Akademisyen kimliğimin yanı sıra resim yapıyor ve şiir yazıyorum. Yıllar önce kendi yetiştirdiğim sanatçı öğrencilerim için yaptığım küratörlük çalışmaları zamanla yerini usta isimlere bırakmaya başladı. DG Art Project’in kurucusu Dursun Gündoğdu ile tanışıklığımız çok uzun yıllara dayanır. Kendisiyle bundan önce de çok güzel işler yaptık. Kojo’yu Londra’da temsil eden JD Malat Galeri ile yapılan uzun soluklu görüşmeler neticesinde bu serginin temelleri atıldı. Tüm dünyanın tanıdığı bu sanatçıyı İstanbul’da ağırlama fikri ise heyecan vericiydi. Eserlerinde ilk dikkatimi çeken renklerin canlı ve parlaklığı ile kullanılan aksesuarlar, çiçekler ve figürlerin bir bütünlük içinde yan yana dizilimleri oldu. Eserlerinin tümünde bir bütünlük var.  Sanki tüm eserler birbirinin devamı, bir hikâyenin resmedilmiş hâli gibi. Hazırladığımız sergi kataloğu, kaleme aldığım küratör yazısı ve Kojo’ya özel yazdığım şiirlerde de bu hikâye tamamlandı.

Sergide hangi tekniklerden yapılmış toplam kaç eser yer alıyor? Seçki yaparken öne çıkardığınız kavram var mıydı?

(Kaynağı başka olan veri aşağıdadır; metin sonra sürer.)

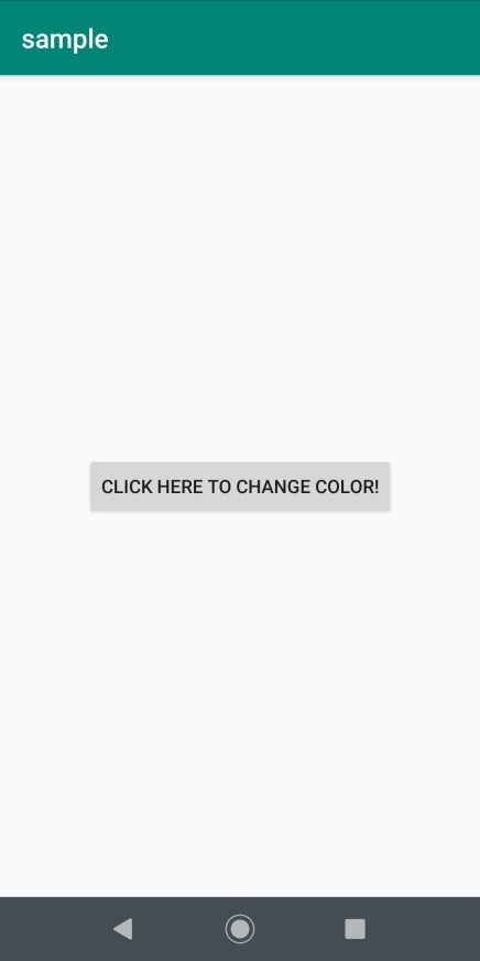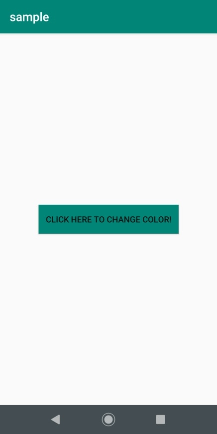 <?xml version="1.0" encoding="utf-8"?> <android.support.constraint.ConstraintLayout xmlns:android="http://schemas.android.com/apk/res/android" xmlns:app="http://schemas.android.com/apk/res-auto" xmlns:tools="http://schemas.android.com/tools" android:layout_width="match_parent" android:layout_height="match_parent" tools:context=".MainActivity"> <Button android:id="@+id/button" android:layout_width="wrap_content" android:layout_height="wrap_content" android:text="Click here to change color!" app:layout_constraintBottom_toBottomOf="parent" app:layout_constraintLeft_toLeftOf="parent" app:layout_constraintRight_toRightOf="parent" app:layout_constraintTop_toTopOf="parent" tools:ignore="HardcodedText" /> </android.support.constraint.ConstraintLayout>

Sergide 12 eseri var. Tüm eserler tuval üzeri akrilik.  Renklerin canlı ve parlaklığı ile kullanılan aksesuarlar, çiçekler ve figürlerin bir bütünlük içinde. Aslında figürler her ne kadar durağan görünse de aslında bir hareket, ritim ve coşku var eserlerde. Çalışmalarında, Afrika’nın sosyal ve coğrafi dokusunu figüratif yollarla anlatan Marfo, doğup büyüdüğü coğrafyada önemli bir yer tutan anaerkil düzenin getirisi olarak kadın figürlerine eserlerinde sıklıkla yer veriyor. Multidisipliner bir sanatçı olan Marfo, kültürlere olan tutkusundan dolayı da evrensel miras temalarını araştıran bir tarz geliştirmiştir. Eserleri ile hem Akan ikonografisine hem de Avrupa saray resimlerine gönderme yapıyor ve bunları çağdaş tekniklerle birleştiriyor.

 Sanatçı Kojo Marfo’nun eserleri Türkiye’de ilk kez görülüyor, nasıl hissediyorsunuz?

 “Eserlerim bir umut denemesidir. Kırgınlıklar ve acıya rağmen yaşam devam etmekte ve umut, güzellik ve direniş var olmakta” diyor Marfo. Herkes bu umut dünyasını mutlaka görmeli ve onu yakından tanımalı. Kojo’nun eserleri sıra dışı figürlere sahip; aile bağlarına duygusallığa yer verirken ayrıca düşündürüyor. Herkes kendi dünyasından mutlaka bir şeyler bulacaktır onun eserlerinde.

Marfo’nun eserlerinde sizi etkileyen yanı ne oldu? Eserlerini nasıl tanımlarsınız?

Figürlerin ten renklerinin siyah-beyaz oluşu çok dikkatimi çekmişti. Hikâyesini yakından dinledikten sonra ve onunla ilgili her kaynağı okuduktan sonra anladım nedenini. Beni en çok etkileyen kısım da bu oldu sonrasında. Kojo’nun vitiligo hastalığı olan yakın bir arkadaşı varmış. Aslında onu resmetmekle başlamış ilk, sonra bu etkiyi tüm resimlerine yansıtmaya başlamış.

Umut Denemesi sergisini 11 Mart tarihine dek DG Art Galeri'de ziyaret edebilirsiniz.